Please review and tell me where I'm unclear, inconsistant, glossing over
important details, or completely on drugs.

1. introduce CAP_HOST_ADMIN

        acts like a mask.  If set, all capabilities apply across
        namespaces.

        is that ok, or do we insist on duplicates for all caps?

        brings us into 64-bit caps, so associated patches come
        along

        As an example, CAP_DAC_OVERRIDE by itself will mean within
        the same user namespace, while CAP_DAC_OVERRIDE|CAP_HOST_ADMIN
        will override userns equivalence checks.

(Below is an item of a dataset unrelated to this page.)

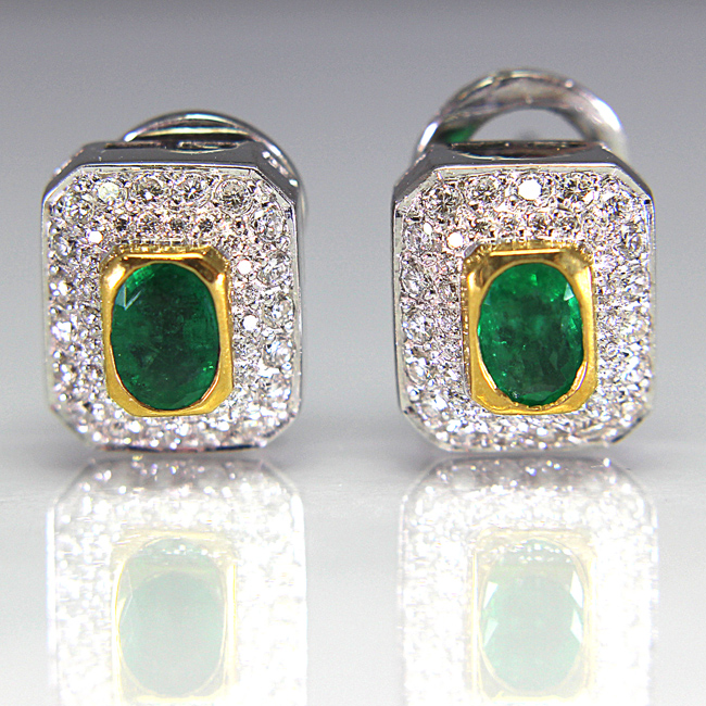 Pendientes de oro blanco y amarillo de 18 kilates. Llevan 82 diamantes en talla brillante engastados en oro blanco que pesan en total, 0.90 quilates aproximádamente. La calidad de la pureza de los diamantes es VS, y la de color es H. Las esmeraldas están engastada en oro amarillo, tienen talla oval y pesan aproximadamente 1 quilate entre las dos. Llevan cierre omega. Pendientes preciosos con esmeraldas colombianas.2947€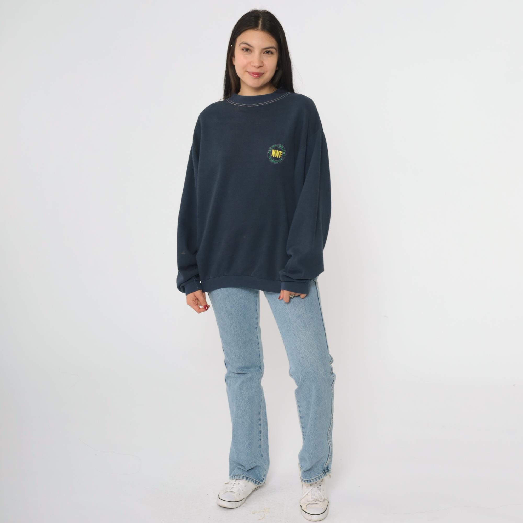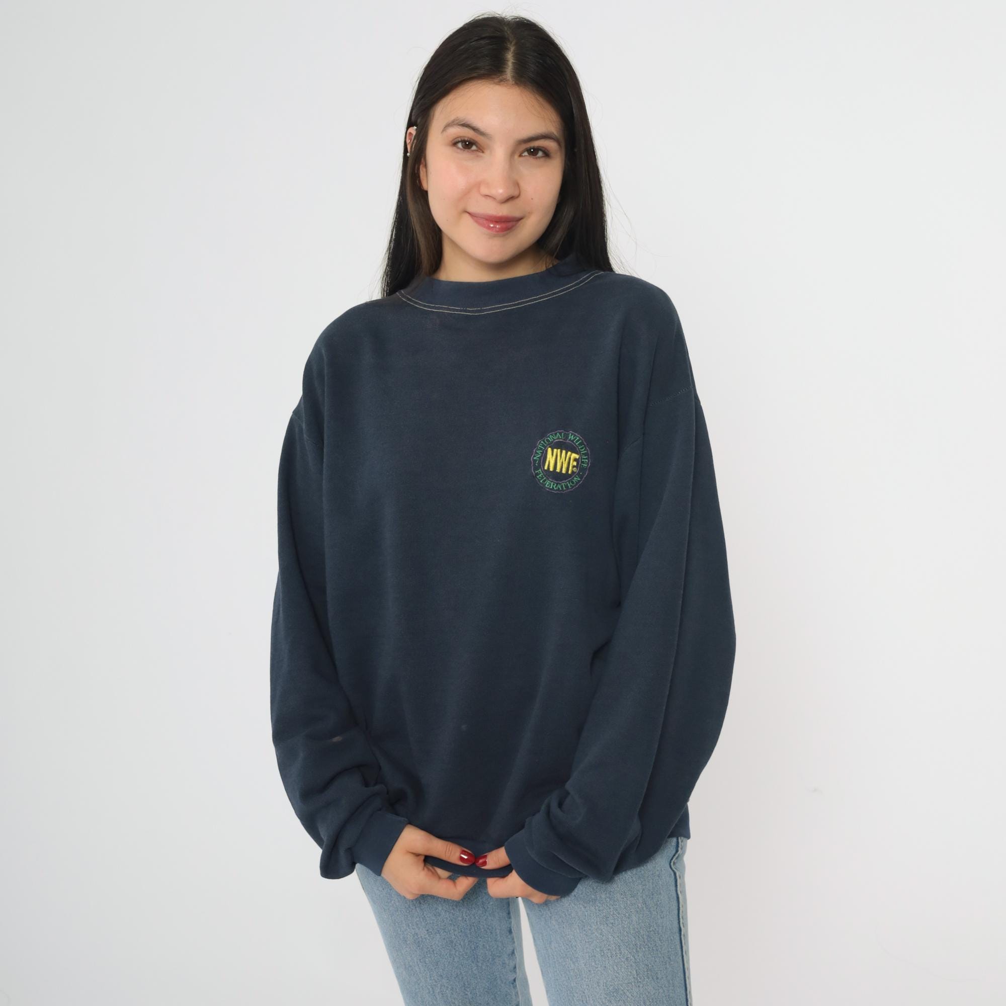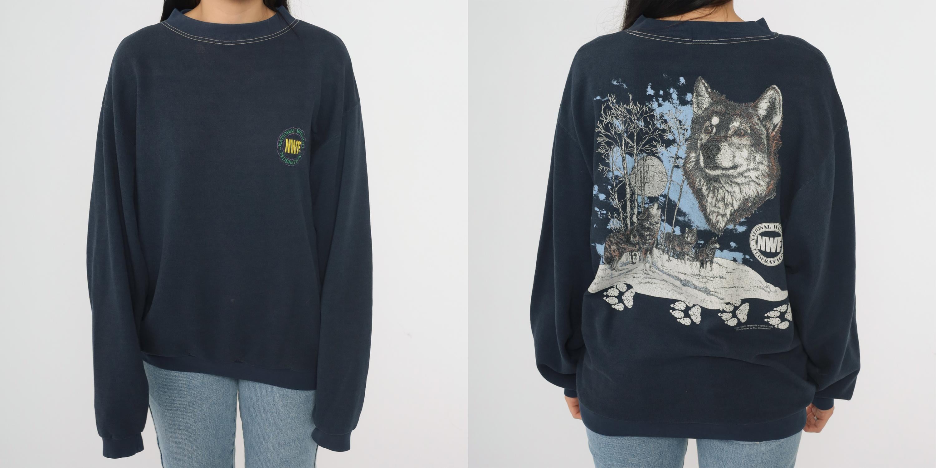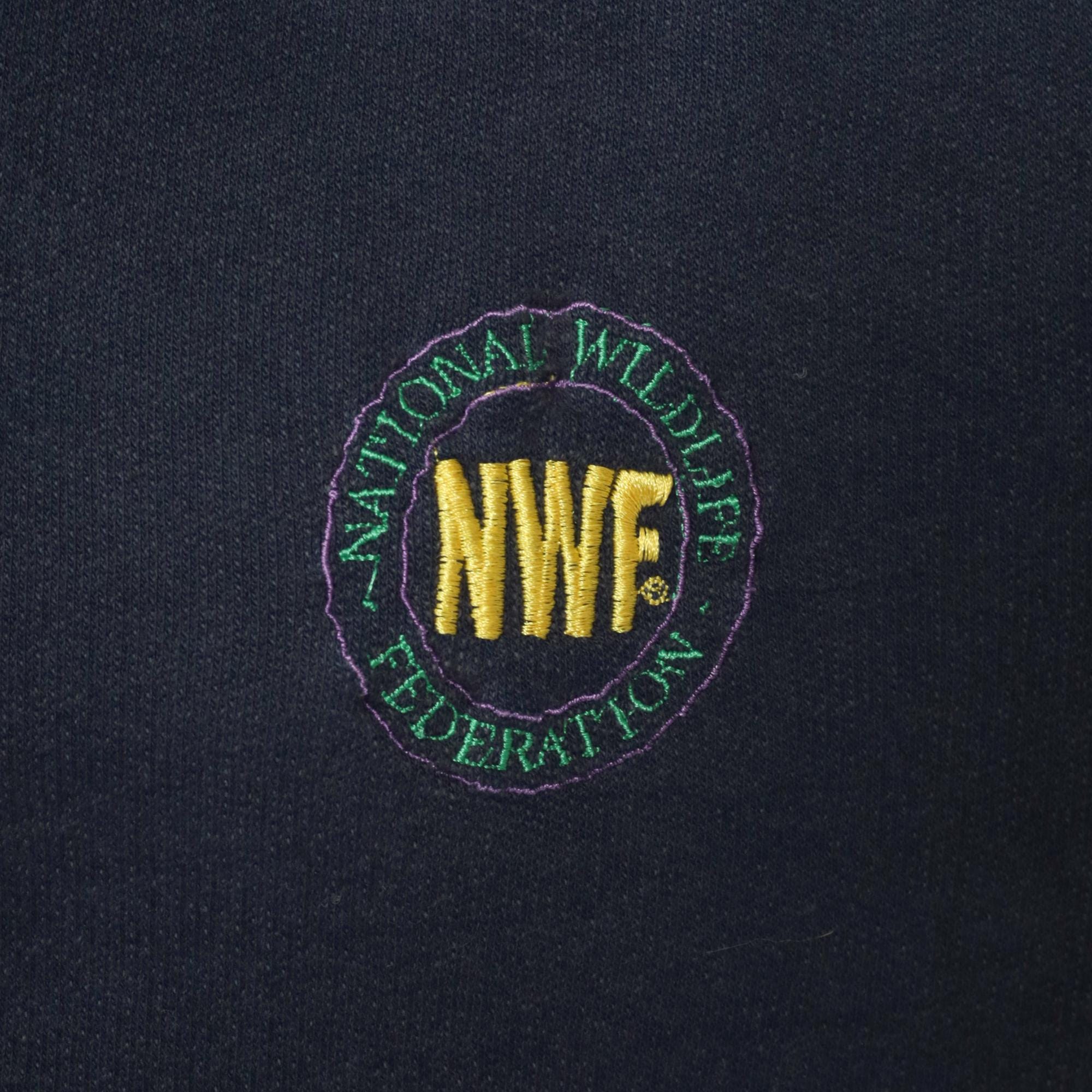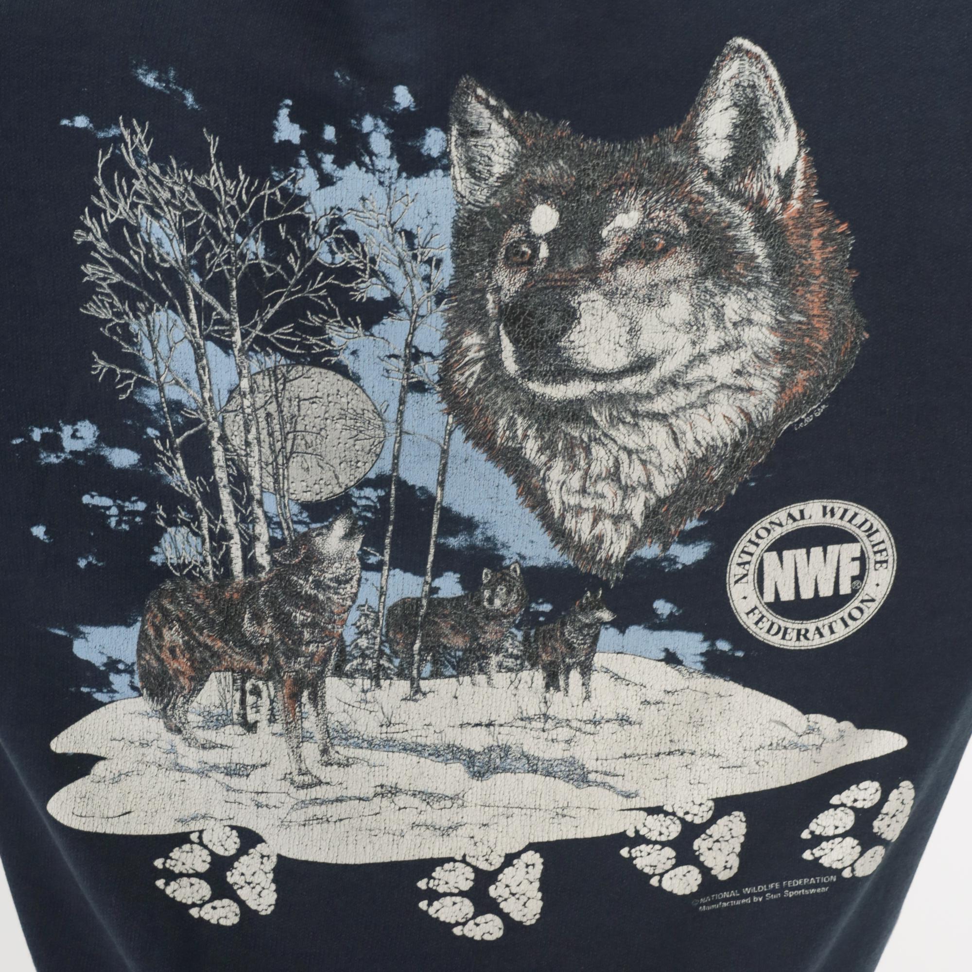 Vintage 90s sweatshirt in navy blue featuring a wolf and full moon wilderness scene graphic on the back with paw prints and forest details. The front includes a small NWF crest logo. Classic crewneck pullover design with ribbed cuffs and hem.

2. introduce per-process cap_bset
        
        Idea is you can start a container with cap-bset not containing
        CAP_HOST_ADMIN, for instance.

        As namespaces are fleshed out and proper behavior for
        cross-namespace access is figured out (see step 7) I
        expect behavior under !CAP_HOST_ADMIN with certain
        capabilities will change.  I.e. if we get a device
        namespace, CAP_MKNOD will be different from
        CAP_HOST_ADMIN|CAP_MKNOD, and people will want to
        start keeping CAP_MKNOD in their container cap_bsets.

3. audit driver code etc for any and all uid==0 checks.  Fix those
   immediately to take user namespaces into account.

4. introduce inode->user_ns, as per my previous userns patchset from
   April (I guess posted in June, according to:
   
https://lists.linux-foundation.org/pipermail/containers/2007-June/005342.html)

        For now, enforce roughly the following access checks when
        inode->user_ns is set:

        if capable(CAP_HOST_ADMIN|CAP_DAC_OVERRIDE)
                allow
        if current->userns==inode->userns {
                if capable(CAP_DAC_OVERRIDE)
                        allow
                if current->uid==inode->i_uid
                        allow as owner
                inode->i_uid is in current's keychain
                        allow as owner
                uid==inode->i_gid in current's groups
                        allow as group
        }
        treat as user 'other' (i.e. usually read-only access)

5. Then comes the piece where users can get credentials as users in
   other namespaces to store in their keychain.

6. enforce other userns checks like signaling

7. investigate proper behavior for other cross-namespace capabilities.